The other question is why the pandemic H1N1 strain continues to cause a significant number of infections in the northern hemisphere in June. We’ve previously discussed how temperature and humidity are believed to be important factors in determining the seasonal patterns of influenza in temperate climates. Clearly the 2009 pandemic strain isn’t following these ‘rules’. Neither did the 1918 pandemic strain. Could it be that seasonality of influenza is regulated not only by temperature and humidity, but also by levels of population immunity? Perhaps, after a season of influenza, the high levels of immunity coupled with high temperatures and humidity together lead to reduced disease in the summer. Because population immunity to a pandemic strain is extremely low or nonexistent, the virus can circulate even in conditions of high temperature and humidity. This hypothesis is undoubtedly an oversimplification, and other factors, such as transmissibility, are also likely to play a role. For example, the pandemics of 1889, 1957, and 1968 did display seasonality in the northern hemisphere – see Figure 1 in the paper cited below.

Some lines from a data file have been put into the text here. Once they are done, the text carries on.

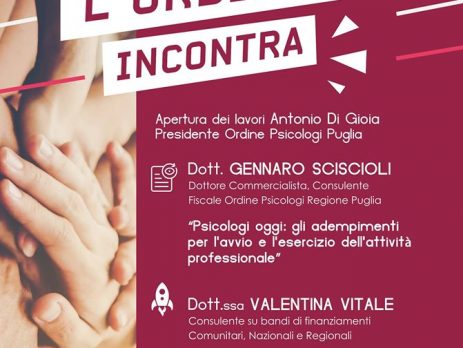 Seguendo la pagina Facebook dell’Ordine degli Psicologi della Regione Puglia, potrai conoscere per tempo le prossime date e le prossime tappe del progetto l’Ordine Incontra per le settimane successive.
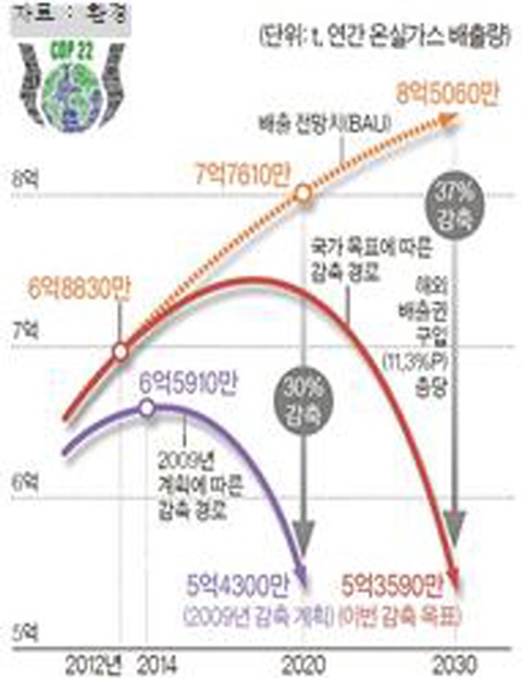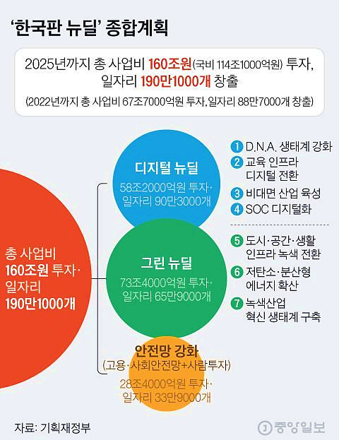 그림 1. (좌) 파리 기후협약에 따른 우리나라의 온실가스 저감 목표 및 (우) 일자리 창출과 환경 개선을 위한 그린 뉴딜 종합계획
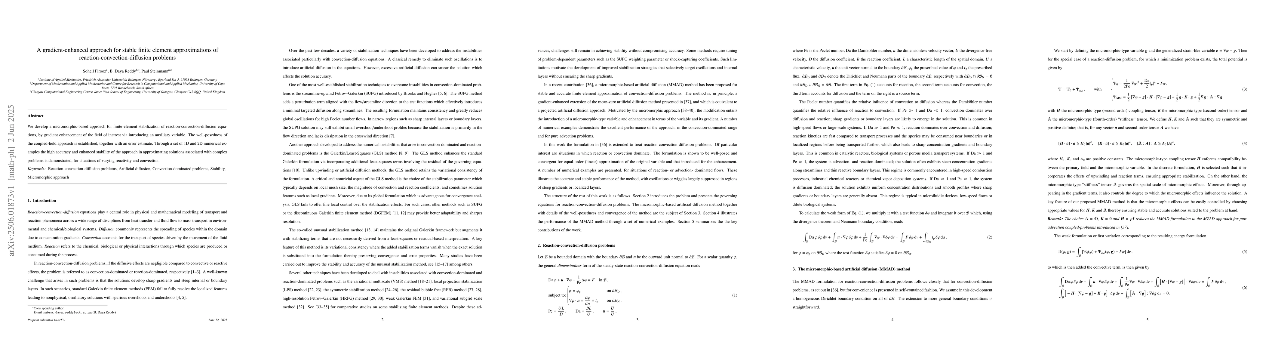 The research develops a micromorphic-based approach for finite element stabilization of reaction-convection-diffusion equations by introducing an auxiliary variable to enhance the gradient of the field of interest.
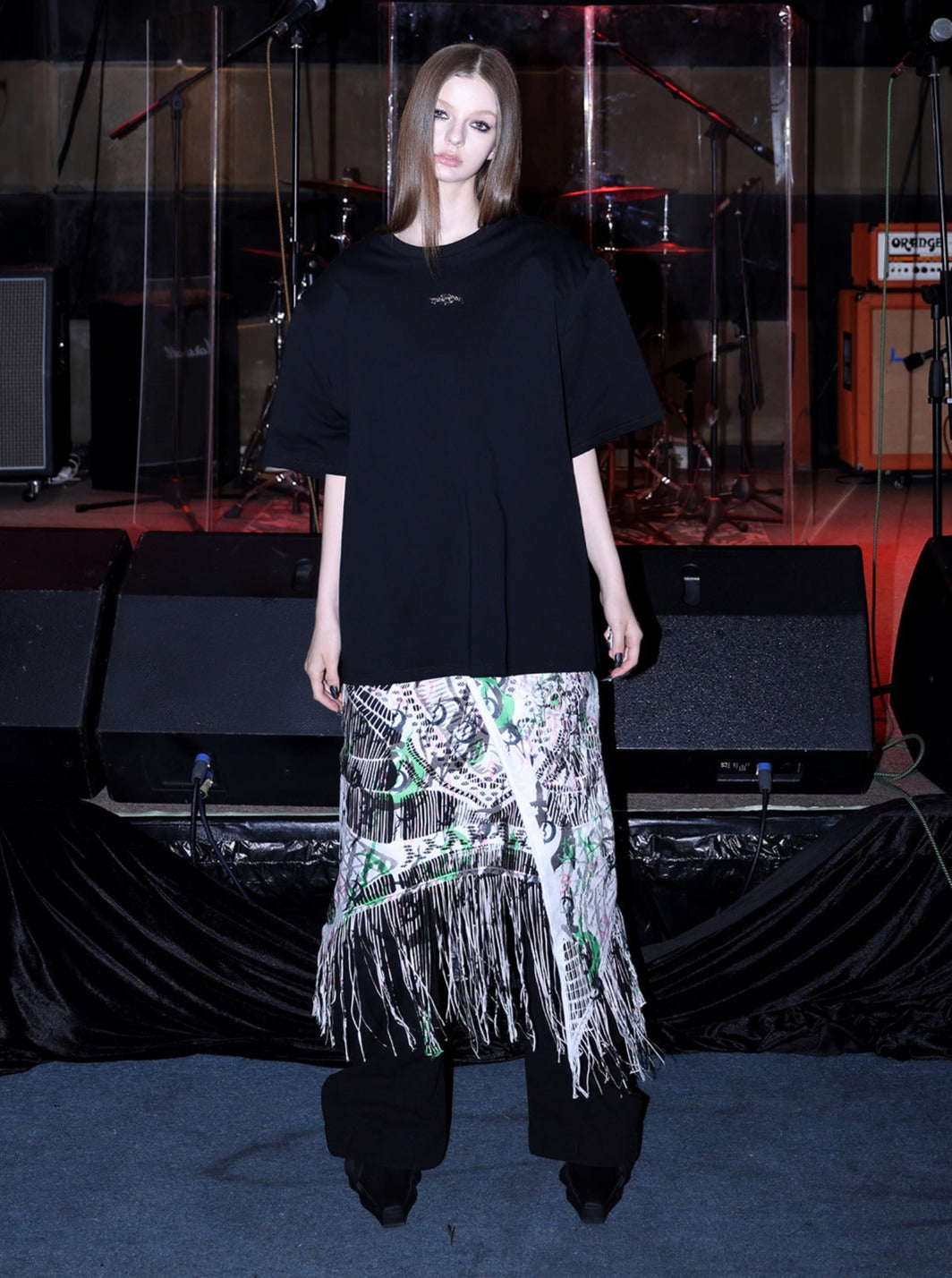 Classic oversized t-shirt in solid black. Features a relaxed. boxy fit for a comfortable and streetwear-inspired silhouette. Small. subtle brand logo printed in white on the upper chest. Short sleeves with a slightly dropped shoulder for a casual look. Crew neckline with a clean finish.Â
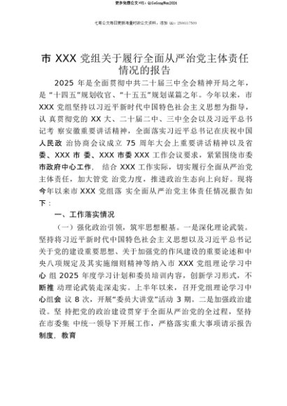 【七哥公文】2025年:【七哥公文】市XXX党组关于履行全面从严治党主体责任情况的报告+更多免费公文+VX:QiGeGongWen2024+更多免费公文+VX:QiGeGongWen2024
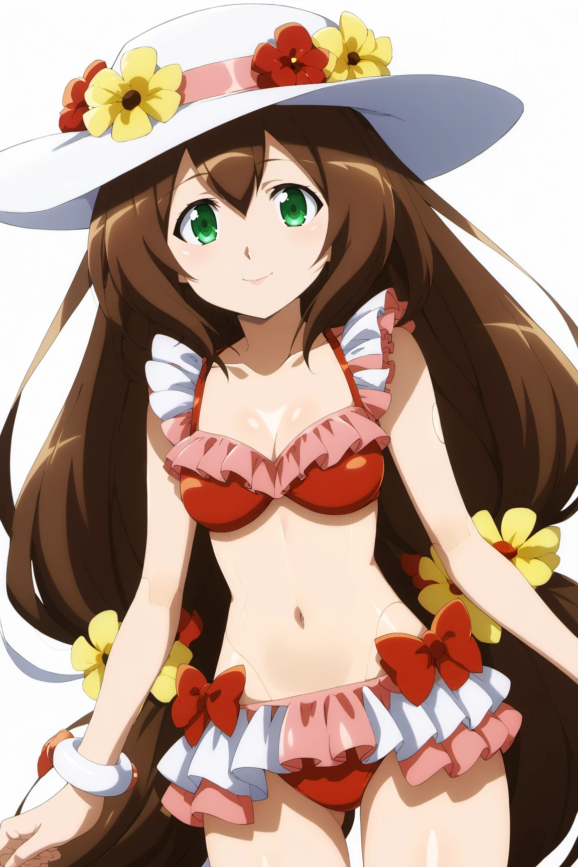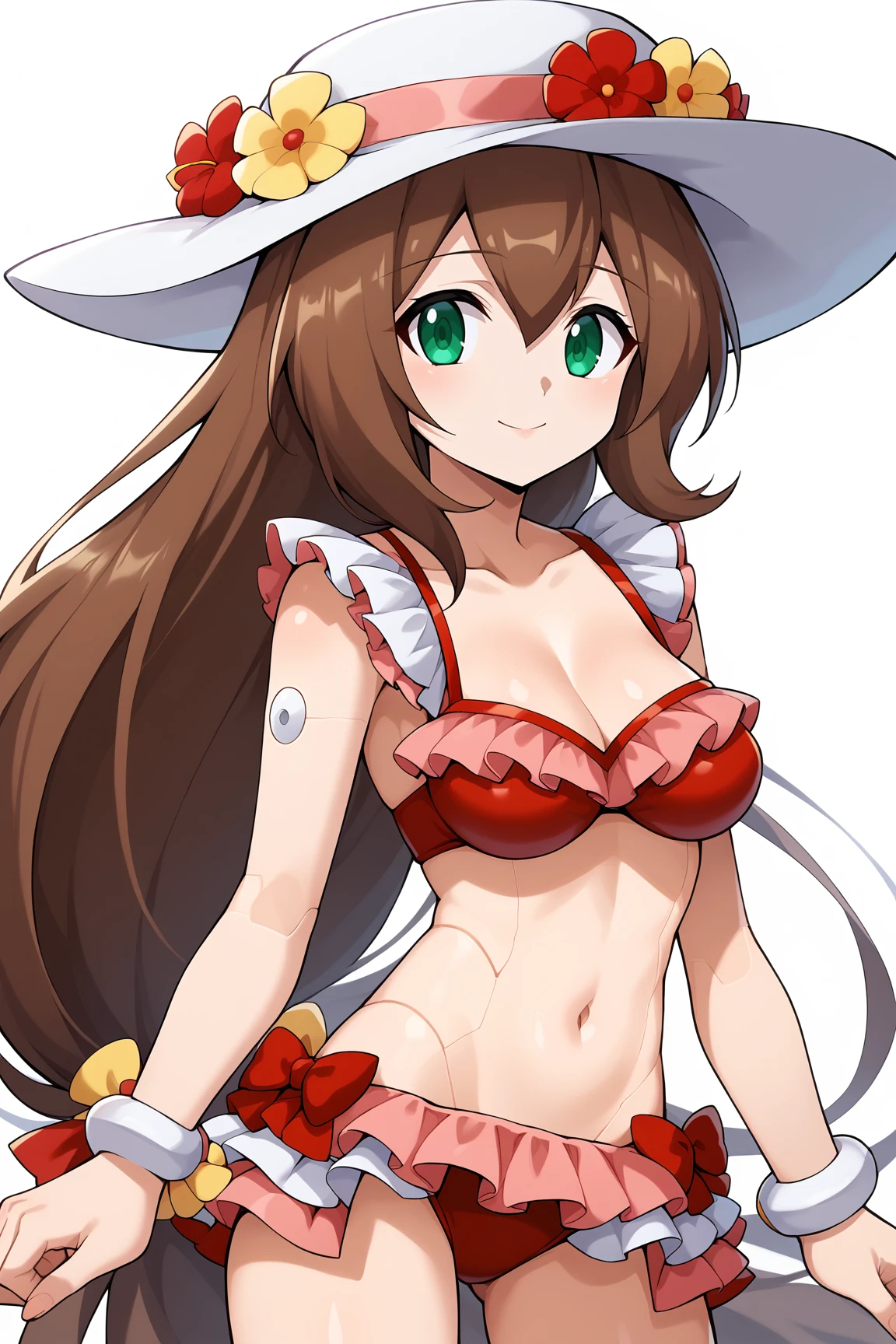 swimsuitiris, swimsuit, robot joints, frilled bikini, sun hat, hat flower, navel, red bikini, cleavage, shiny skin, bracelet, white headwear, collarbone, doll joints, bikini skirt, hair flower, ribbon,
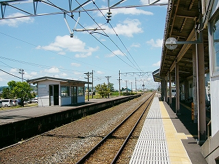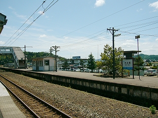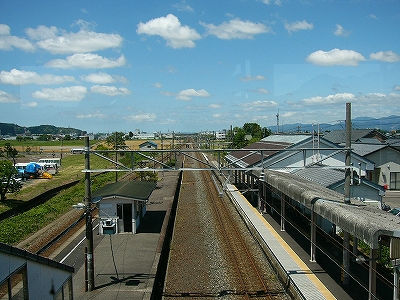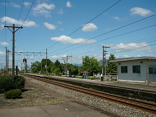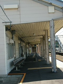 駅の建物は、屋根が大振りなのが特長だった。だって向こう側はその屋根の下にホームが入り、こっちには大きなポーチが入っているのだから。なんだか雪庇のようである。むろんここだってそれほど雪が多くないのだろうけど、駅前の右手から来る細い県道は、消雪パイプのあたりが赤茶けていたりして、白い板壁の駅舎は初夏の雪塊だった。

Miller, M., Viboud, C., Balinska, M., & Simonsen, L. (2009). The Signature Features of Influenza Pandemics — Implications for Policy New England Journal of Medicine, 360 (25), 2595-2598 DOI: 10.1056/NEJMp0903906
Vince,
Look at the chart you posted. Notice how both the total number of cases and the percentage of positives are as high as the highest levels (or nearly so) from this past flu season. I don't understand how the CDC can say that influenza is “declining”. From where I'm sitting, it looks like its going like crazy. Can you explain this? Am I missing something?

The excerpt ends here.